D'une part, les échéances de crédits bancaires aux particuliers dues jusqu'à la fin du mois de juin sont reportées sous formes d'allongement des durées de prêts (ce qui, notons-le, n'est pas le cas en France). D'autre part et surtout, tou·tes les Marocain·es affilié·es à la sécurité sociale vont percevoir, jusqu'à la fin juin, 2.000 dirhams par mois [190 euros] équivalent à 75% du salaire minimum.

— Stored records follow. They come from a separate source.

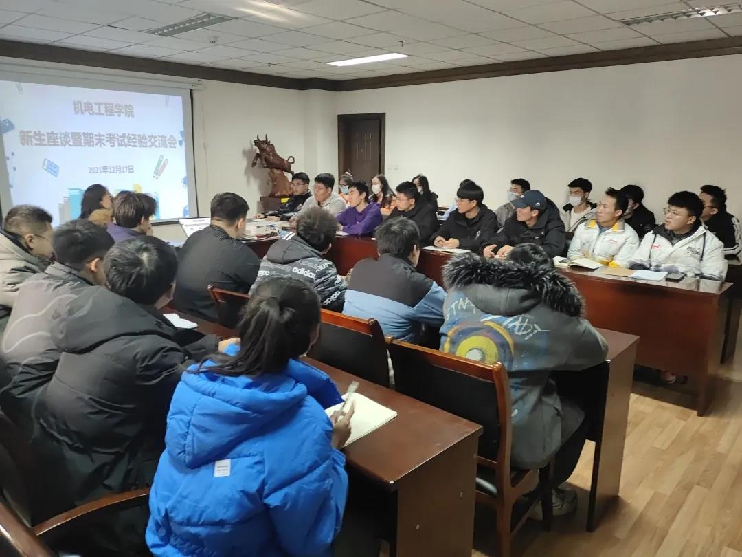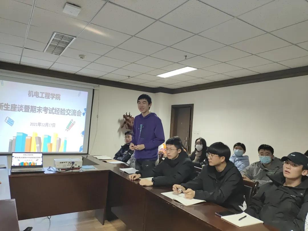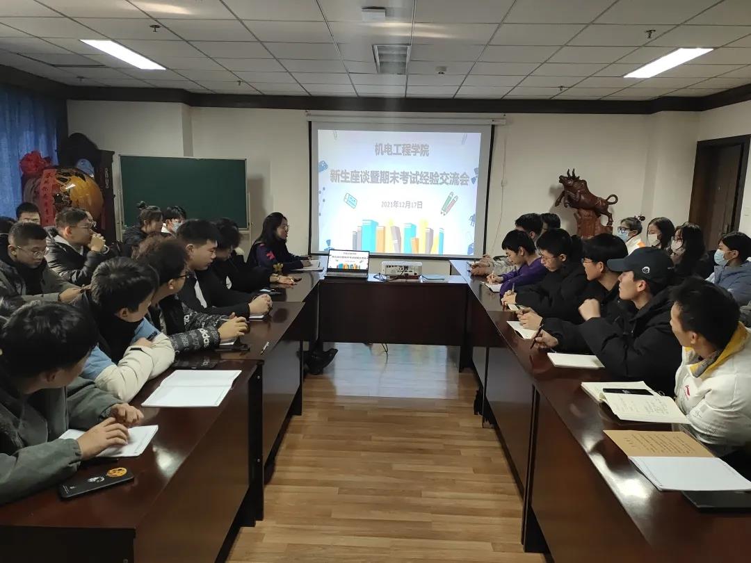期末考试即将来临,为了缓解大一学生考前的紧张情绪,了解本学期的思想、学习和生活状态,引导他们放好心态、认真复习,2021年12月17日,机电工程学院学生会召开了新生座谈暨期末考试经验交流会。学院团委书记胡瑶、学生会主席团成员、各部门负责人以及大一各班学生代表共计50余人参加了本次会议。
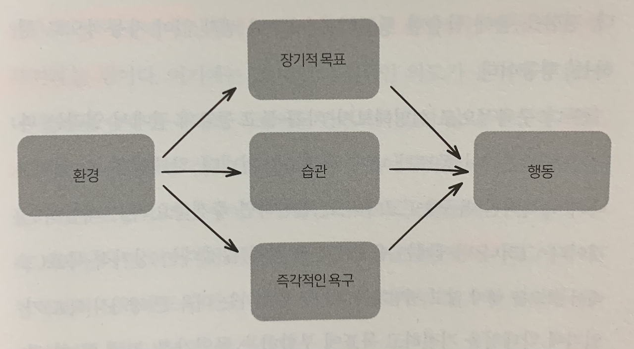 인간이 처한 환경은 행동을 자극하는 가장 기본적이고도 확실한 토대를 마련한다. 특정한 환경에 놓인 우리는 장기적 목표, 습관, 그리고 즉각적인 욕망이라는 세 가지 필터 중 하나를 거쳐 행위로 나타난다는 것이다.
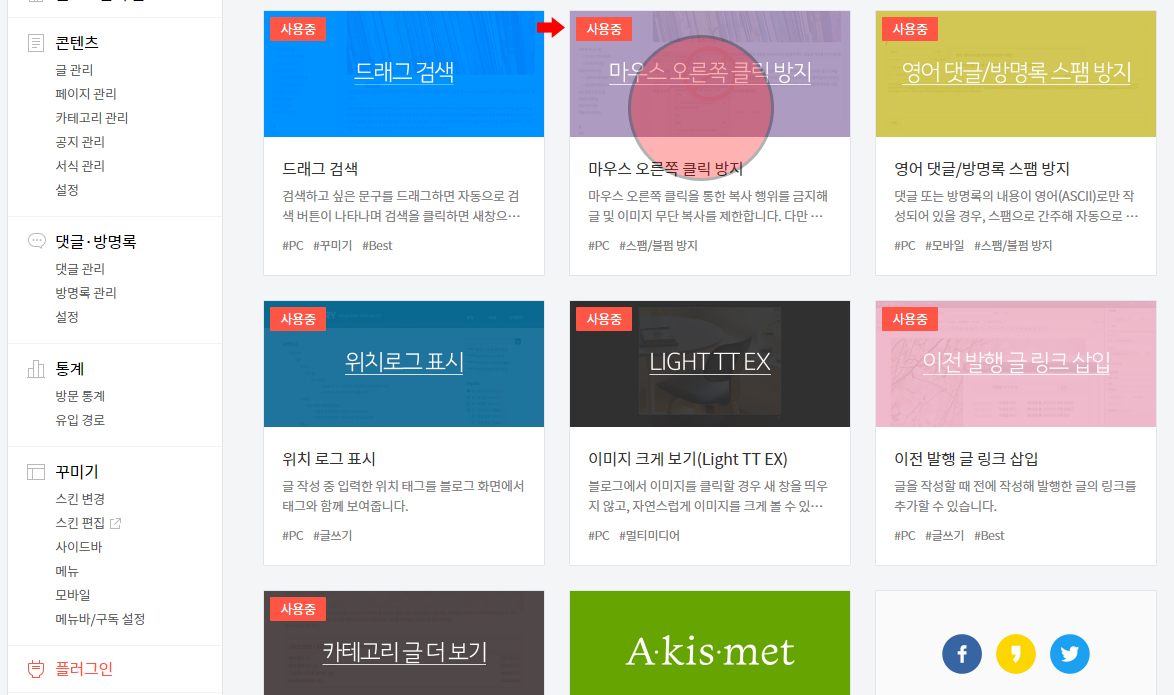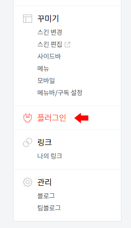 티스토리 관리자 페이지 > 왼쪽 메뉴 > 플러그인 클릭
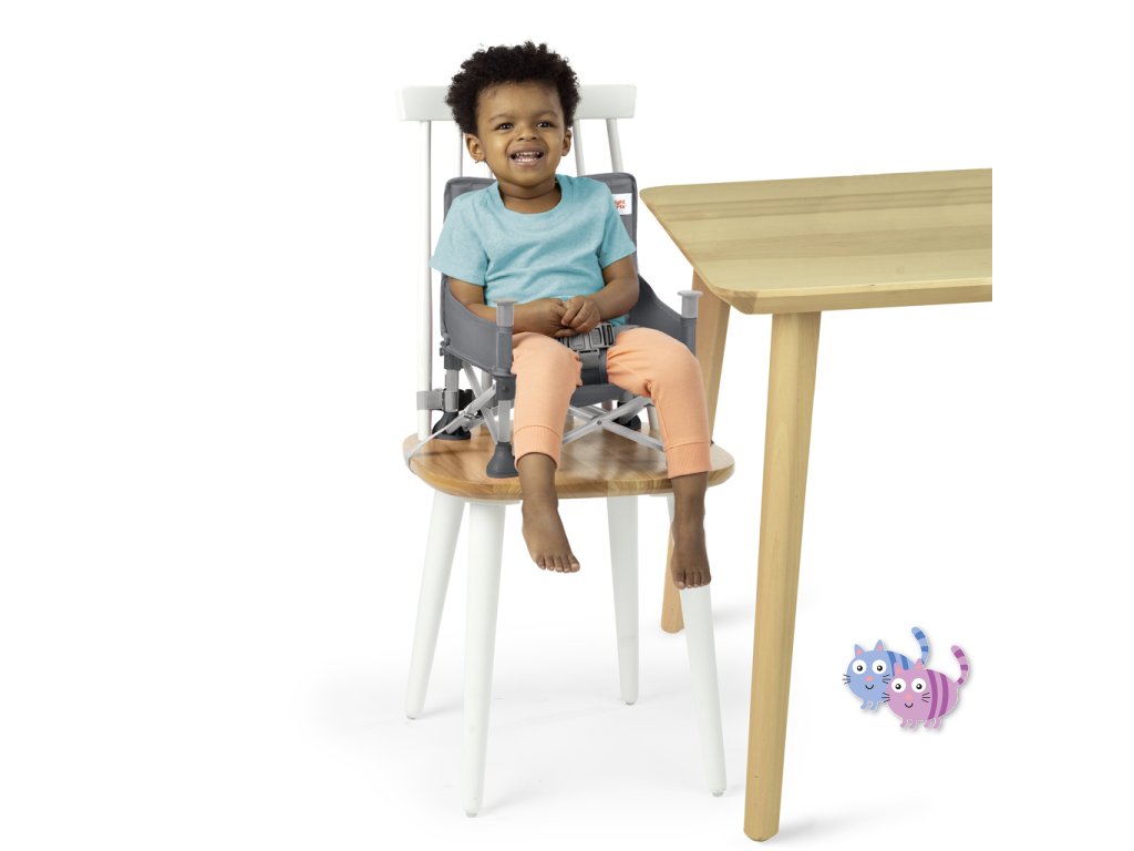 Od miminka po batole, od jídla po hraní – tato multifunkční cestovní židle poskytuje vašemu dítěti bezpečné místo k sezení. Tato jednička od výrobce 1 v kategorii jídelních židlí nabízí 3 režimy používání: podlahová židle pro miminka, jídelní židle s odnímatelným pultíkem a podsedák pro batolata. Pro nejmenší ji můžete připevnit na jídelní židličku pro dospělé pomocí přiložených popruhů a BPA free pultíku a vytvořit tak přenosnou vysokou židličku. Pro starší děti lze pultík odebrat a použít židli jako podsedák u stolu. V podlahovém režimu můžete Pop ‘N Sit využít kdykoli potřebujete další sedadlo – na piknicích, sportovních akcích nebo doma! Zadní kapsa slouží k uložení každodenních nezbytností. Po použití se jednoduše složí do kompaktního rozměru a uloží do přenosné tašky s ramenním popruhem a další kapsou. Pultík je vhodný do myčky a potah sedáku lze prát v pračce. Neutrální šedé barevné provedení. Testováno a schváleno nezávislou certifikací.
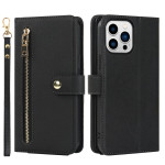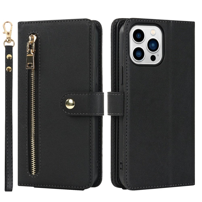 Étui portefeuille multifonction en cuir PU pour iPhone 14 Pro Max. Design tout-en-un avec multiples fentes pour cartes, poche zippée et compartiment pour espèces. Livré avec deux bandoulières détachables (poignet et épaule ajustable). Fonction support intégrée pour visionnage mains libres et fermeture magnétique sécurisée.
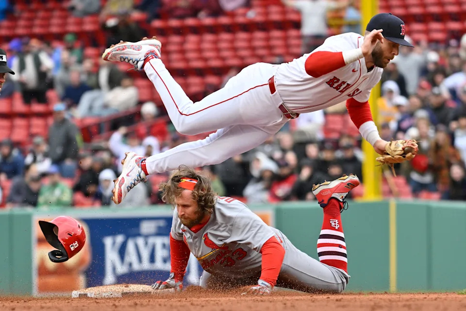 April 6: Boston Red Sox shortstop Trevor Story leaps out of the way as the St. Louis Cardinals’ Brendan Donovan continues to slide into second base during the ninth inning at Fenway Park. The Red Sox won the game, 5-4, which was Game 1 of a doubleheader. The Red Sox won the second game, 18-7.
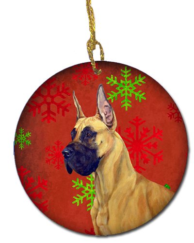 Caroline's Treasures LH9310-CO1 Great Dane Red Snowflake Holiday Christmas Ceramic Ornament, Multicolor
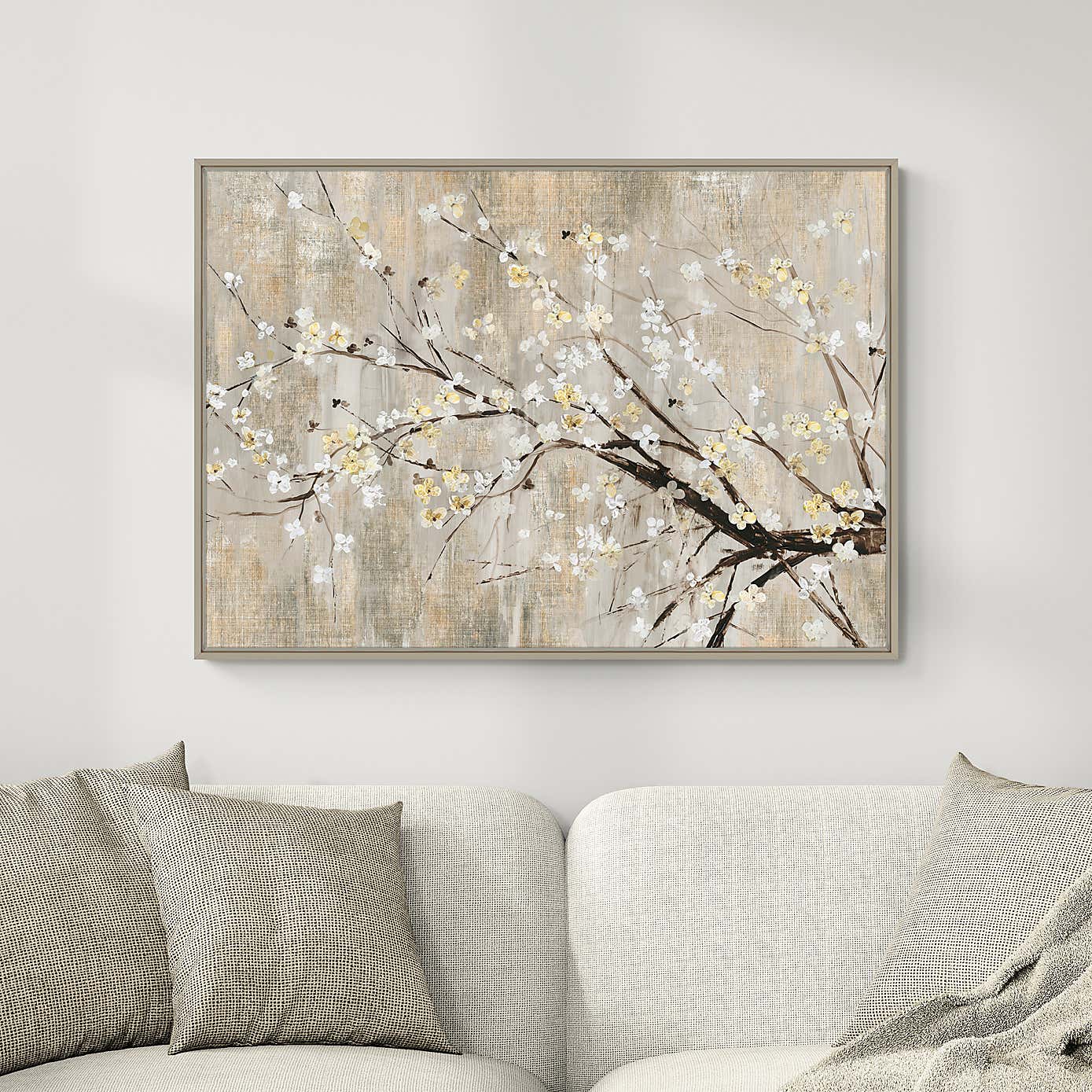 Silver Apple Blooms Framed Canvas
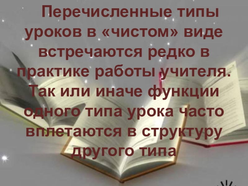 Слайд 22 Перечисленные типы уроков в «чистом» виде встречаются редко в практике работы
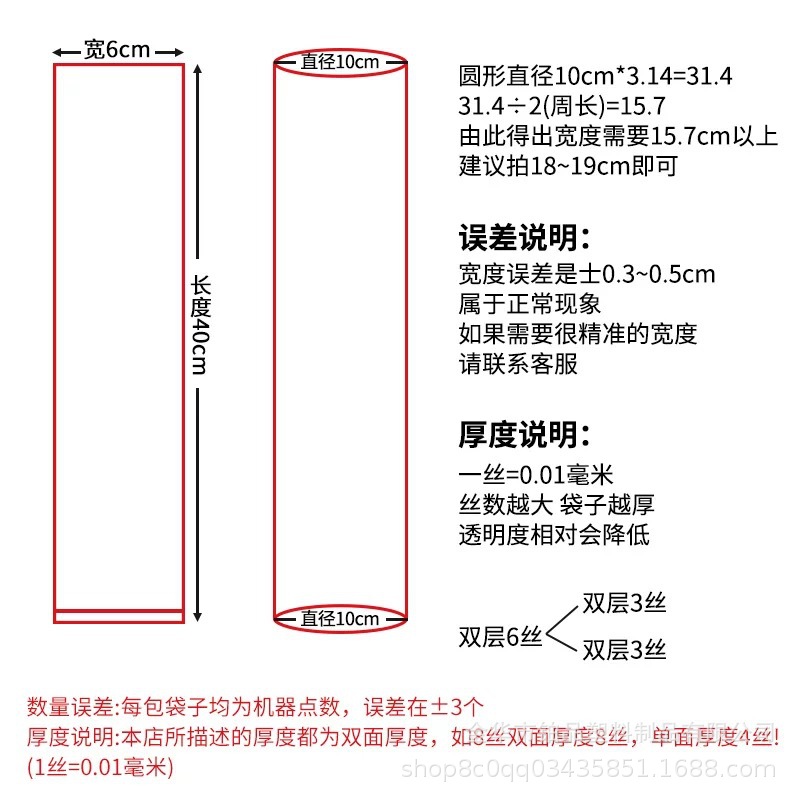 | 误差 | 0.05mm左右 | 规格型号 | 双层14丝加厚*宽20cm长100cm(10只) |
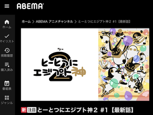 また、ABEMAは独自のオリジナル動画やコンテンツがあり、アニメ「とーとつにエジプト神2」以外も視聴できます。
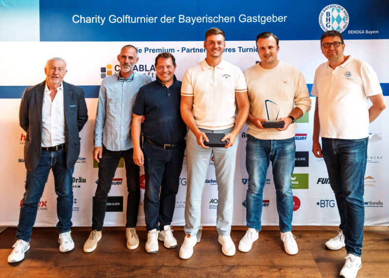 Bericht und Bilder: DEHOGA Bayern – Auf dem Bild mit den Personen sind u.a. die Sieger des Golfturniers Ludwig Maus und Niclas Gimmy zu sehen.
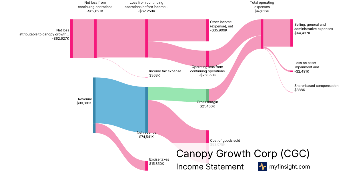 For the quarter ending 2025-12-31, CGC made $74,541K in revenue. -$62,627K in net income. Net profit margin of -84.02%.
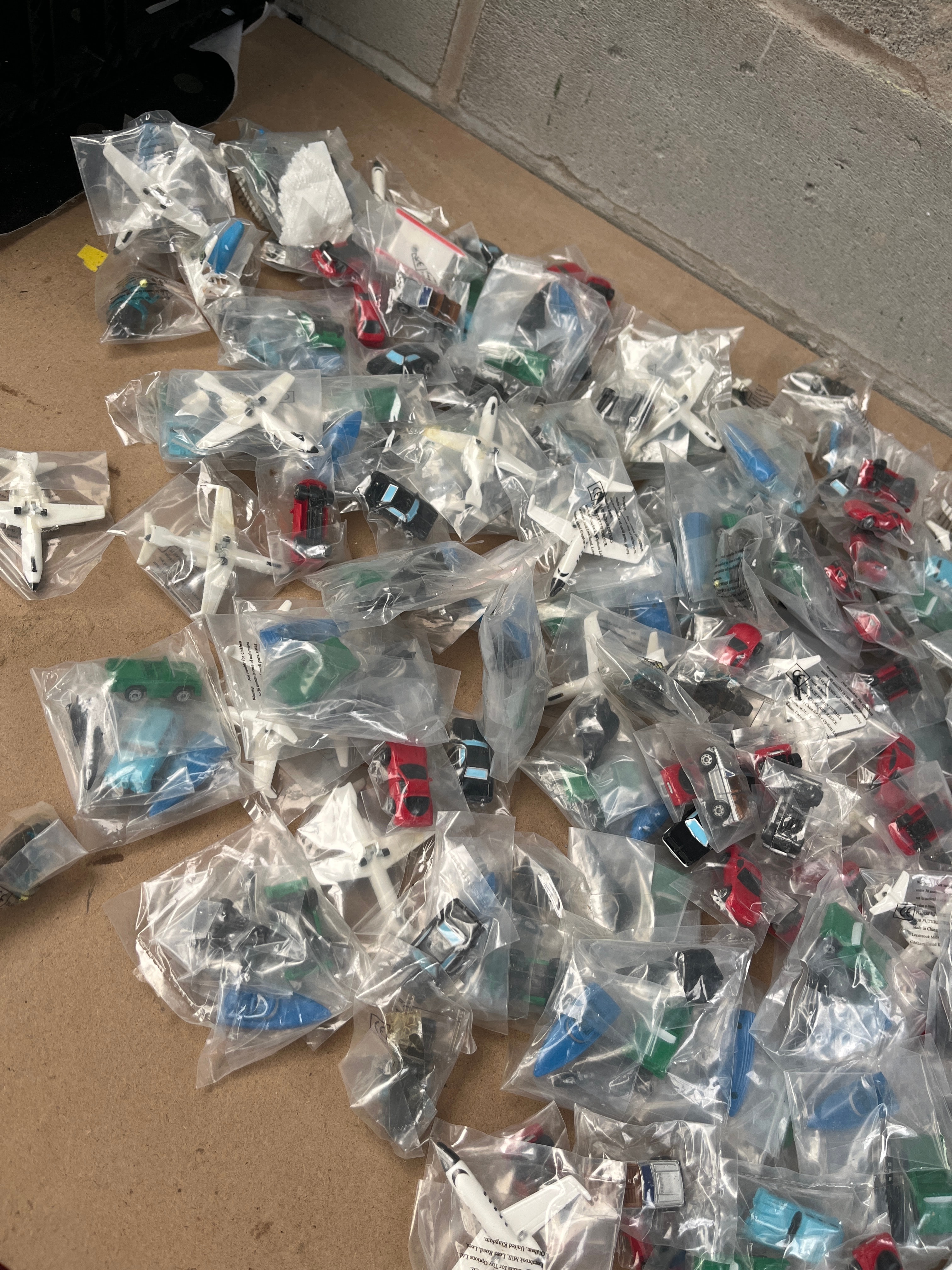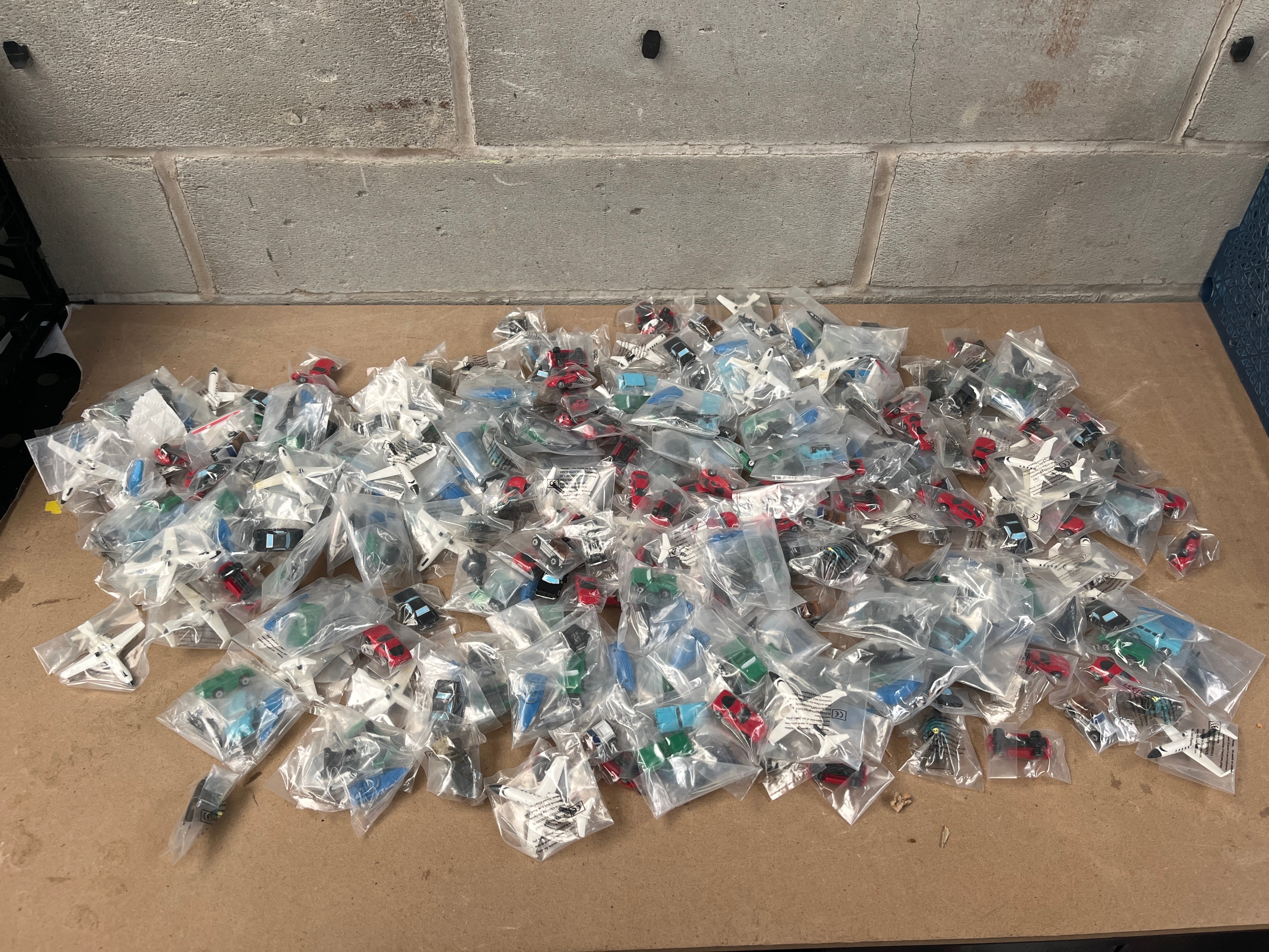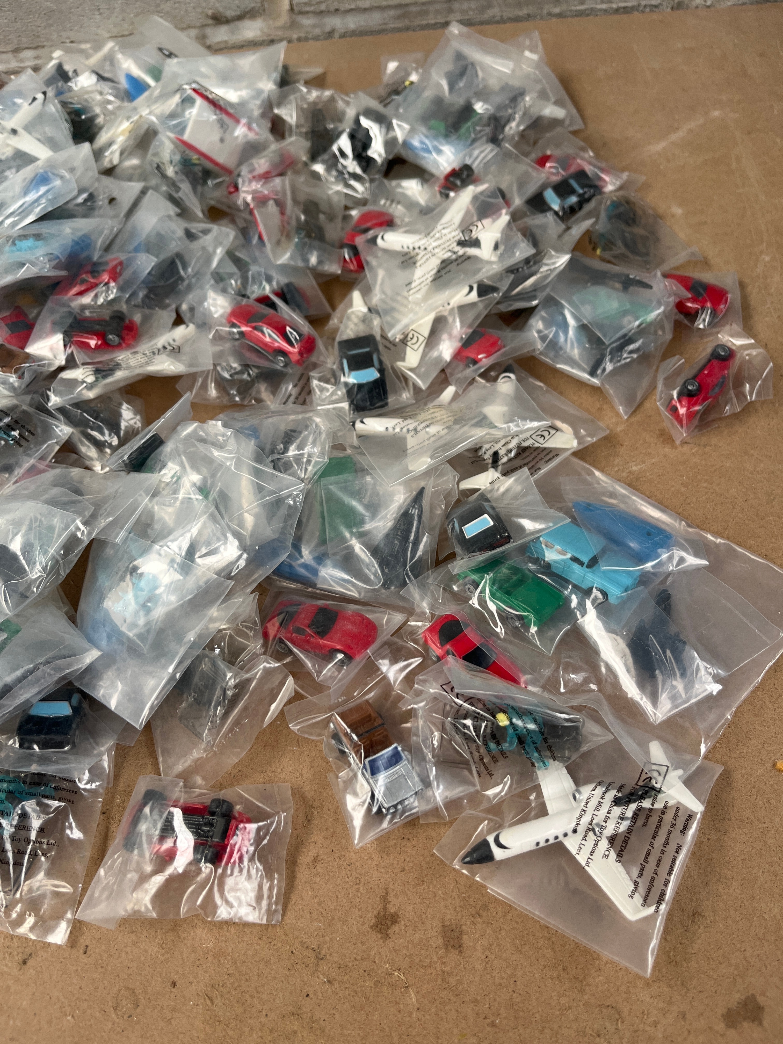 A large collection of 1990s Micro Machines, comprising numerous individually plastic-bagged miniature toy vehicles. The assortment includes cars, airplanes, and helicopters in various colors such as red, blue, green, black, and white. The items are predominantly plastic, consistent with modern mass-produced toys. Many clear plastic bags contain white paper inserts or labels with visible multi-language safety warnings, including English, French (“AVERTISSEMENT! RISQUE D’ÉTOUFFEMENT – Petites pièces. Ne convient pas aux enfants de moins de 3 ans.”), and Spanish (“¡ADVERTENCIA! PELIGRO DE ASFIXIA – Piezas pequeñas. No apto para niños menores de 3 años.”), indicating a “CHOKING HAZARD” for children under three years of age.

Enfin –et c'est la grande originalité du plan par rapport à ce qui se fait ailleurs en Afrique– l'immense secteur informel n'est pas oublié puisque, par simple identification par SMS, les millions de petits entrepreneurs affilés ou non-affiliés au système d'assistance médicale bénéficient d'une aide mensuelle de subsistance d'au moins 800 dirhams [76 euros], les 280 millions d'euros actuellement mobilisés permettant d'aider 3,7 millions de personnes.

Les prochaines semaines diront dans quelle mesure le volontarisme sanitaire marocain aura permis d'endiguer une récession qui, comme partout, s'annonce sévère. Mais ce qui paraît d'ores et déjà évident, c'est que le royaume chérifien, du fait de l'ampleur de son plan de soutien, a toutes les chances de sortir de cette crise totalement inédite dans une situation sociale nettement moins dégradée que chez ses voisins.